◆ DIRECTIONS ◆
The answer should be an exact repeat of the stretch of material below from the line containing "圖1 楊銳(左一)向Mike Mosley(左二),Patrick" through the line containing "Ahora me estoy".

◆ THE RECORDS ◆
####

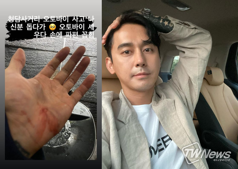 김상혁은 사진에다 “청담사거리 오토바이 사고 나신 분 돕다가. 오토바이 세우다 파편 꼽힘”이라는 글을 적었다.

####

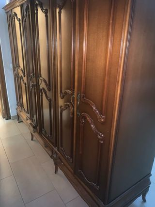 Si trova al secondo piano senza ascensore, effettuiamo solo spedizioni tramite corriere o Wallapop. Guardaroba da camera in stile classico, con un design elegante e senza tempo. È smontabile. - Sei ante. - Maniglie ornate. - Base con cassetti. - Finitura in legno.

####

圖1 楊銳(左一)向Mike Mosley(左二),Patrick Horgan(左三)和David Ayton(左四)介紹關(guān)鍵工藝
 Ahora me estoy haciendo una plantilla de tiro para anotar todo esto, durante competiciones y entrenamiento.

####

◆ ANSWER BOX ◆
圖1 楊銳(左一)向Mike Mosley(左二),Patrick Horgan(左三)和David Ayton(左四)介紹關(guān)鍵工藝
 Ahora me estoy haciendo una plantilla de tiro para anotar todo esto, durante competiciones y entrenamiento.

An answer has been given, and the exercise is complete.